STORED DATA:
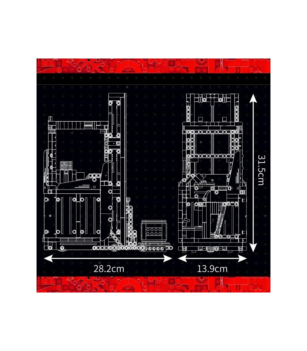 • Le chariot élévateur à fourche MOLD KING 17041 Engineering Series mesure environ 31,5 cm de hauteur, 28,2 cm de longueur et 13,9 cm de largeur.
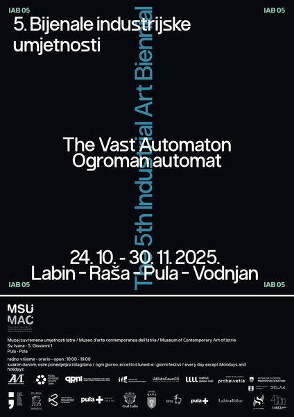 Izložbena cjelina 5. bijenale industrijske umjetnosti u prostorima Muzeja suvremene umjetnosti Istre – Museo d'arte contemporanea dell' Istria realizira se u kontekstu Godišnjeg izložbenog programa ustanove uz podršku Upravnog odjela za kulturu i zavičajnost Istarske županije - Regione Istriana, Ministarstva kulture i medija Republike Hrvatske, Grada Pula - Pola i Turističke zajednice Grada Pule. Može se pogledati od 24. 10. do 30. 11. 2025., svakim danom osim ponedjeljka i blagdana od 10.00 do 19.00 sati.
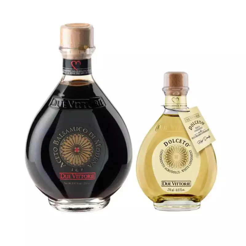 Balsamic Vinegar of Modena IGP Oro and the white condiment Dolceto Due Vittorie for the first time together in this special duet combining two vinegars, one white and one black, very different in flavor and characteristics but both of excellent quality. For lovers of the classic Oro Due Vittorie, we offer this Oro Bianco and Oro Nero set in the 500 ml Oro bottle variant.
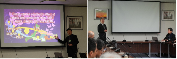 まず、TAKASAGO研修ホールにおいて、塩﨑一裕学長より開会の挨拶、本学の紹介及びJ-PEAKS事業の概要説明を行いました。続いて、本事業で取り組む2つの戦略について真木壽治特任教授、上久保裕生教授及び林優一教授より、J-PEAKS事業の推進体制と組織改革、担当サポーターからの事前確認事項に対する回答について塩﨑学長より説明をしました。
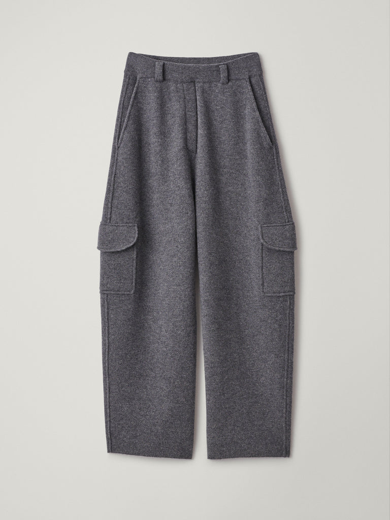 A knitted cargo trouser, the Azaria trouser is crafted in our signature knitted double face cashmere for directional structure. The relaxed fit, barrel silhouette sits comfortably at the waist with an elasticated waistband and falls to voluminous full-length legs that taper at the ankles. It is detailed with a tailoring-inspired faux fly and belt loops and finished with utility-inspired patch pockets.
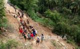 REPUBLIKA.CO.ID, GORONTALO -- Warga membersihkan material longsor di Desa Olele, Kabupaten Bone Bolango, Gorontalo, Selasa (4/8/2020).
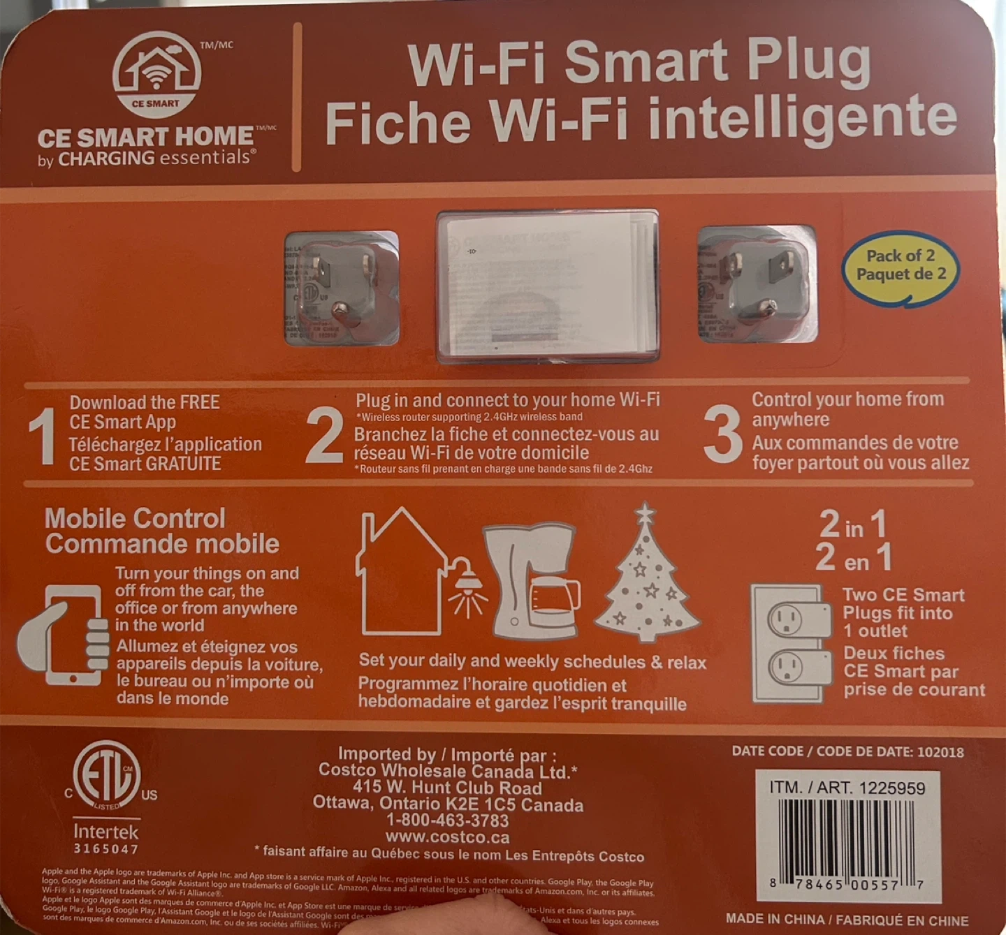 These CE Smart Home Wi-Fi smart plugs come in a pack of 2. They allow you to control appliances and lamps from anywhere using your smartphone. Set daily and weekly schedules for added convenience.
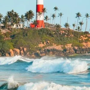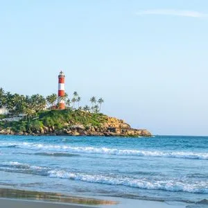 The crown jewel of Kovalam, Lighthouse Beach, is instantly recognizable with the historic Vizhinjam Lighthouse perched on a rocky headland. The lighthouse beams against the twilight sky, making evenings here picture-perfect. This stretch of beach offers both natural beauty and cultural charm, making it the highlight of every Kovalam package.

WHAT YOU SHOULD DO: Give back, exactly as written, the lines from the top of the material through the line with "Balsamic Vinegar of", ends included and pictures left aside.

OUTPUT FOR THIS TASK:
 • Le chariot élévateur à fourche MOLD KING 17041 Engineering Series mesure environ 31,5 cm de hauteur, 28,2 cm de longueur et 13,9 cm de largeur.
 Izložbena cjelina 5. bijenale industrijske umjetnosti u prostorima Muzeja suvremene umjetnosti Istre – Museo d'arte contemporanea dell' Istria realizira se u kontekstu Godišnjeg izložbenog programa ustanove uz podršku Upravnog odjela za kulturu i zavičajnost Istarske županije - Regione Istriana, Ministarstva kulture i medija Republike Hrvatske, Grada Pula - Pola i Turističke zajednice Grada Pule. Može se pogledati od 24. 10. do 30. 11. 2025., svakim danom osim ponedjeljka i blagdana od 10.00 do 19.00 sati.
 Balsamic Vinegar of Modena IGP Oro and the white condiment Dolceto Due Vittorie for the first time together in this special duet combining two vinegars, one white and one black, very different in flavor and characteristics but both of excellent quality. For lovers of the classic Oro Due Vittorie, we offer this Oro Bianco and Oro Nero set in the 500 ml Oro bottle variant.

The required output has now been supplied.